A volte accade che l’adulto mostri una violenza che il bambino non può comprendere e dalla quale viene turbato, lacerato. Se poi questo adulto è uno dei riferimenti affettivi del piccolo, la ferita è ancora più profonda e porta l’anima dei piccoli ad inabissarsi nel profondo del proprio fragile sé. L’incontro con un adulto vivificante, però, diviene occasione per risalire dal fondo, per ritornare alla luce, per ritornare a respirare e, nel calore del fuoco relazionale, provare ad esserci, provare a scegliere di starci in questa vita.

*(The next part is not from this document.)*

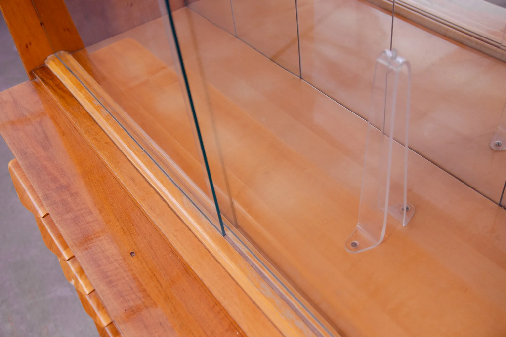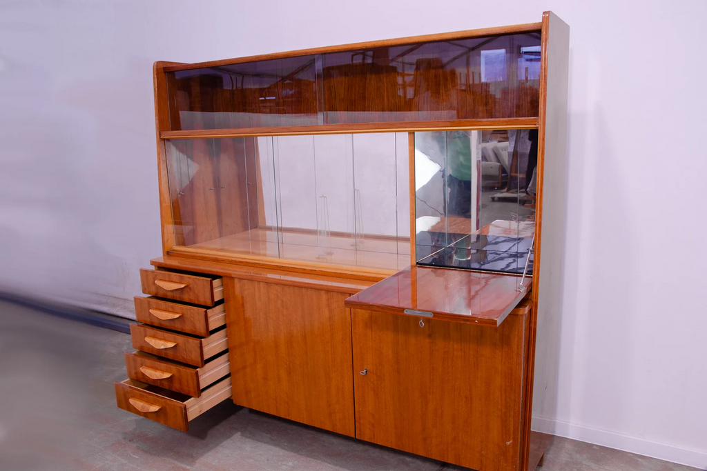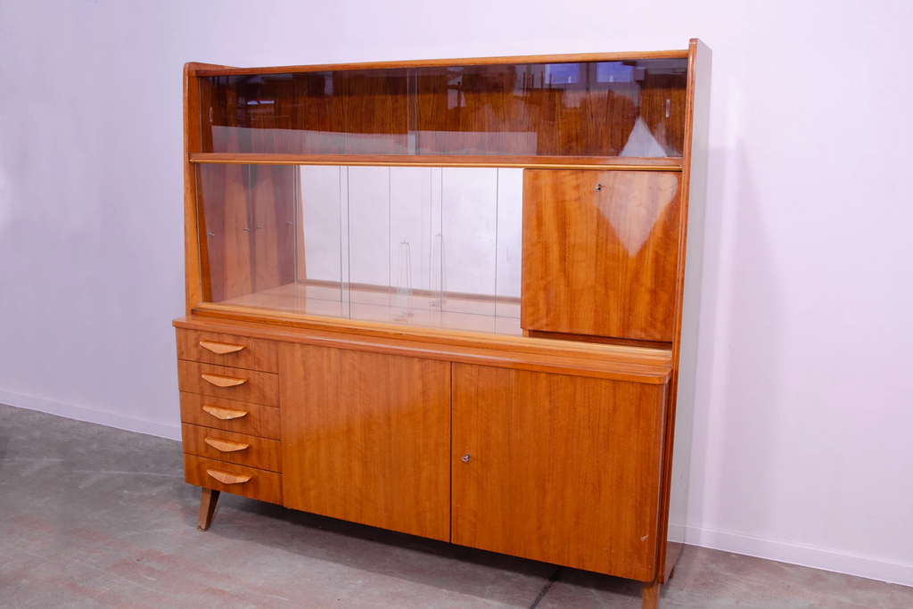 Crédence ou buffet vintage du milieu du siècle, datant des années 1960. Conçue par Frantisek Jirák et fabriquée par l'entreprise Tatra nábytok, en ex-Tchécoslovaquie. De conception simple, sa partie vitrée peut servir de bar, de bibliothèque, etc. En bon état, elle présente des signes d'usure. Placage en noyer.

È nella stanza d’analisi che si cerca, insieme, di ricucire con ago e filo gli strappi del tessuto dell’anima, ormai ridotta a brandelli che, con pazienza e lentezza, si cerca di riparare, come nelle storie di Melissa, Valentina, Lucia e Virginia, Simona e Melania, Celeste, Elia e Salvatore narrate in questo testo.

Il percorso con il terapeuta, in questi casi, diviene occasione di cura, nel senso di prendersi cura, di prendere con sé la fatica dell’altro, la scelta del paziente e, maneggiandola con delicatezza, dare spazio e tempo.

Nell’intimità di una stanza accade qualcosa di magico quando “due personalità s’incontrano” autenticamente: la condivisione può avvenire, la storia può iniziare e si può cominciare… a filare.